= DATA SECTION =
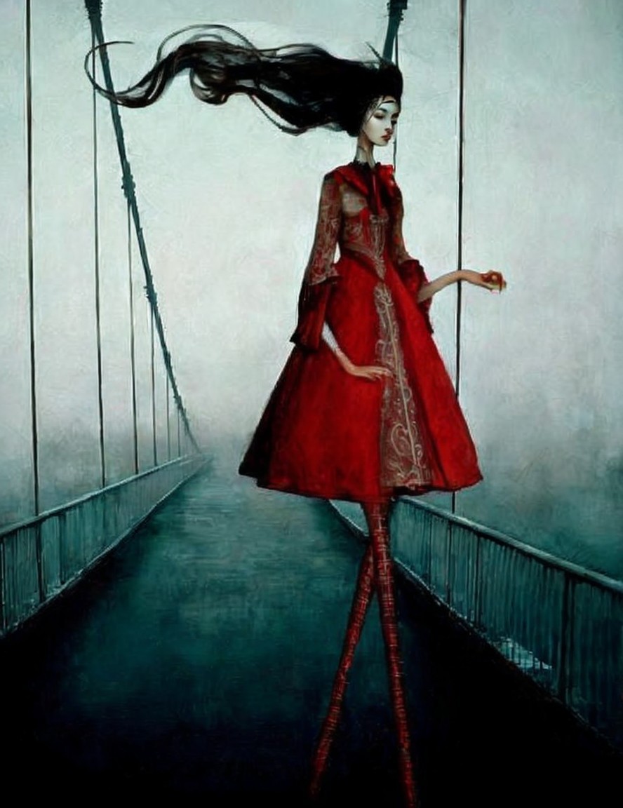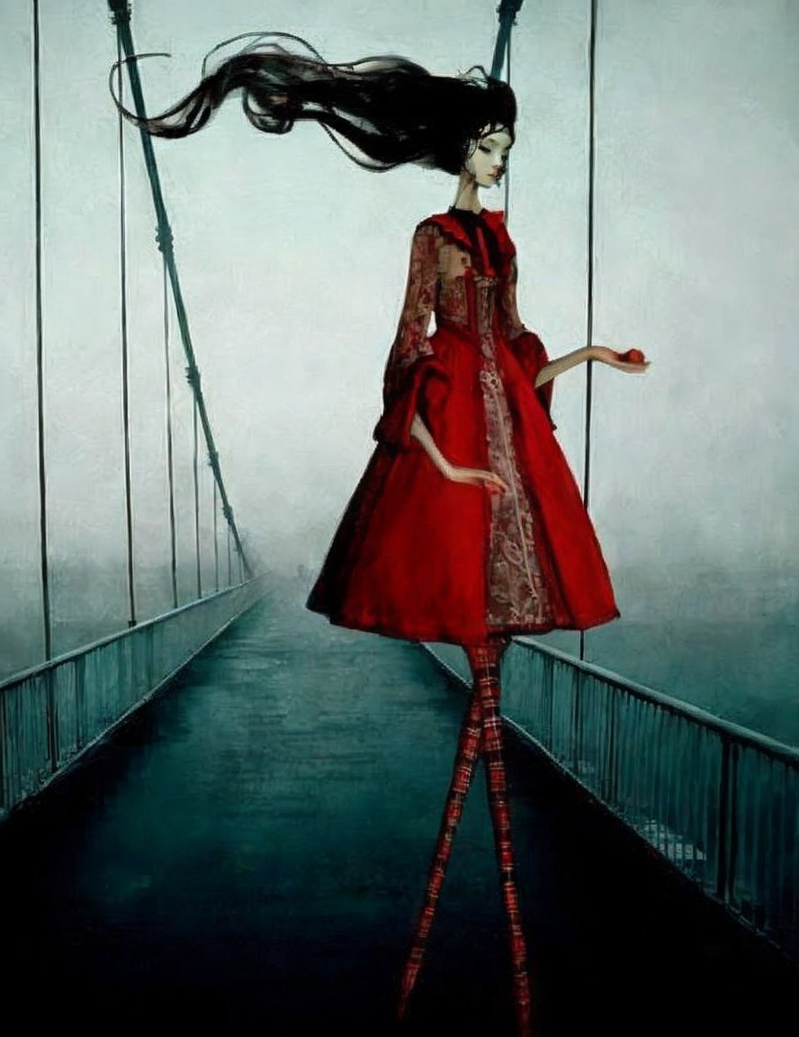 A tall, slender female figure stands in the center of a misty, desolate bridge, shrouded in a somber ambiance. She wears an extravagant, flowing red dress, adorned with intricate patterns and lace, accentuating her elongated shape. Her skin tone is pale, contrasting sharply with the vivid red of her outfit. The dress features puffed sleeves and a high neckline, giving it a regal appearance. her hair is standing straight up
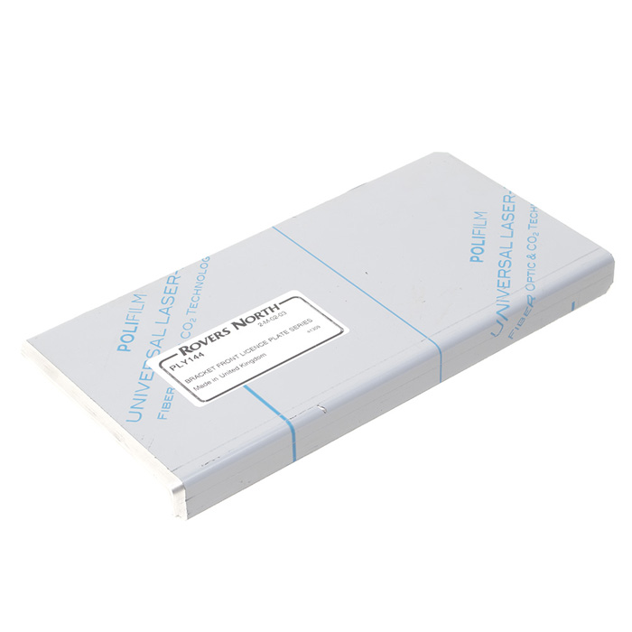 Aluminum front license plate bracket which mounts to the top of the bumper. Replica of the Series NADA license plate holder. Fits a standard North American size plate. Hole drilling required. Made in UK.
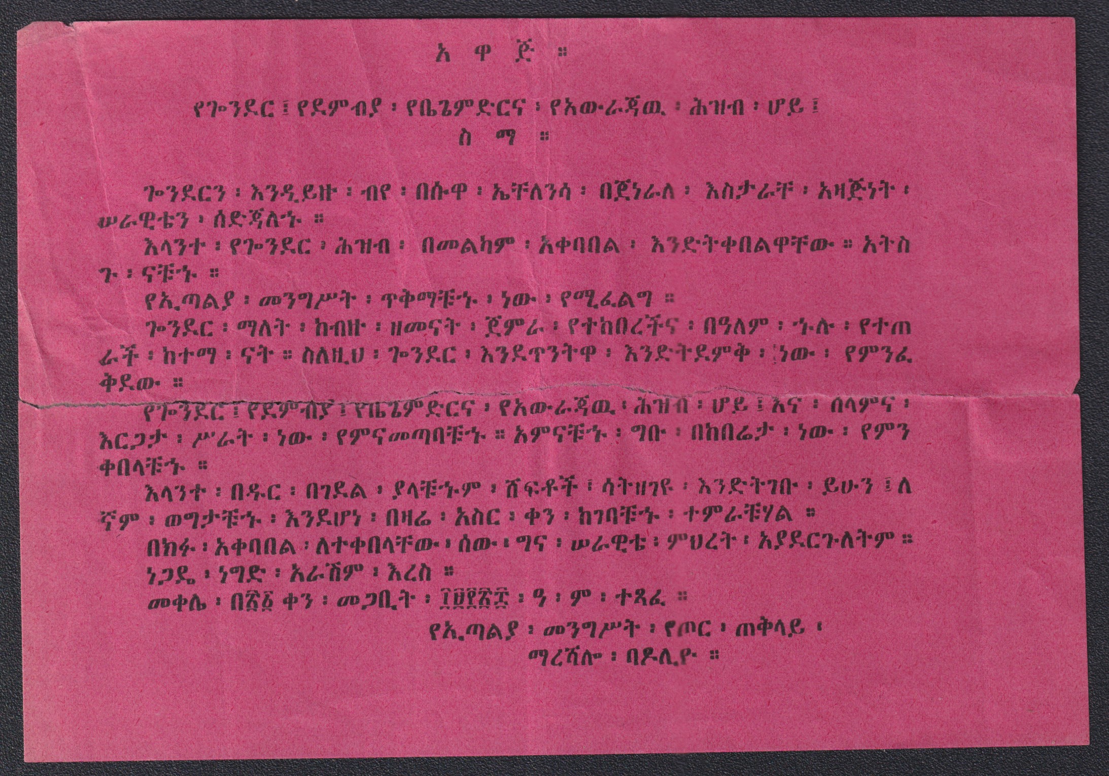 1928-Volantino in amarico del maresciallo Badoglio sull'entrata in Gondar, raro anche se presenta uno strappo orizzontale ricostruito
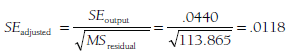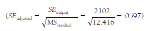 Using a statistical software package (e.g., SPSS or SAS), I regress the effect sizes (Zrs) onto the three dummy variables (DV1, DV2, and DV3), weighted by the inverse variance weight (w) (here, I am requesting that the program include the constant in the model because I have not used the constant as a predictor). The output from the ANOVA table of this regression parallels the results from the ANOVA I described in Section 9.1: The total sum of squares (SStotal) provides the total heterogeneity (Qtotal) = 350.71; the residual or error sum of squares (SSresjdual or SSerror) provides the within-group heterogeneity (Qwithin) = 285.57; and the regression or model sum of squares (SSreqression or SSmodel) provides the between-group heterogeneity (Qbetween) = 65.14. This last value is compared to a c2 distribution (e.g., Table 8.2) to evaluate whether the categorical moderator is significant. This regression analysis also yields coefficients and their (incorrect) standard errors. If I adjust these standard errors, I can evaluate the statistical significance of the regression coefficients as indicative of whether each group differs from the reference group. To illustrate: In this example, in which I coded observational methods as the reference group, I could consider the regression coefficient of DV2 (denoting use of peer reports) = .301 by dividing it by the corrected standard error

= PROBLEM TO SOLVE =
Set down the whole listing word for word, omitting the pictures.

= EXPECTED ANSWER =
 A tall, slender female figure stands in the center of a misty, desolate bridge, shrouded in a somber ambiance. She wears an extravagant, flowing red dress, adorned with intricate patterns and lace, accentuating her elongated shape. Her skin tone is pale, contrasting sharply with the vivid red of her outfit. The dress features puffed sleeves and a high neckline, giving it a regal appearance. her hair is standing straight up
 Aluminum front license plate bracket which mounts to the top of the bumper. Replica of the Series NADA license plate holder. Fits a standard North American size plate. Hole drilling required. Made in UK.
 1928-Volantino in amarico del maresciallo Badoglio sull'entrata in Gondar, raro anche se presenta uno strappo orizzontale ricostruito
 Using a statistical software package (e.g., SPSS or SAS), I regress the effect sizes (Zrs) onto the three dummy variables (DV1, DV2, and DV3), weighted by the inverse variance weight (w) (here, I am requesting that the program include the constant in the model because I have not used the constant as a predictor). The output from the ANOVA table of this regression parallels the results from the ANOVA I described in Section 9.1: The total sum of squares (SStotal) provides the total heterogeneity (Qtotal) = 350.71; the residual or error sum of squares (SSresjdual or SSerror) provides the within-group heterogeneity (Qwithin) = 285.57; and the regression or model sum of squares (SSreqression or SSmodel) provides the between-group heterogeneity (Qbetween) = 65.14. This last value is compared to a c2 distribution (e.g., Table 8.2) to evaluate whether the categorical moderator is significant. This regression analysis also yields coefficients and their (incorrect) standard errors. If I adjust these standard errors, I can evaluate the statistical significance of the regression coefficients as indicative of whether each group differs from the reference group. To illustrate: In this example, in which I coded observational methods as the reference group, I could consider the regression coefficient of DV2 (denoting use of peer reports) = .301 by dividing it by the corrected standard error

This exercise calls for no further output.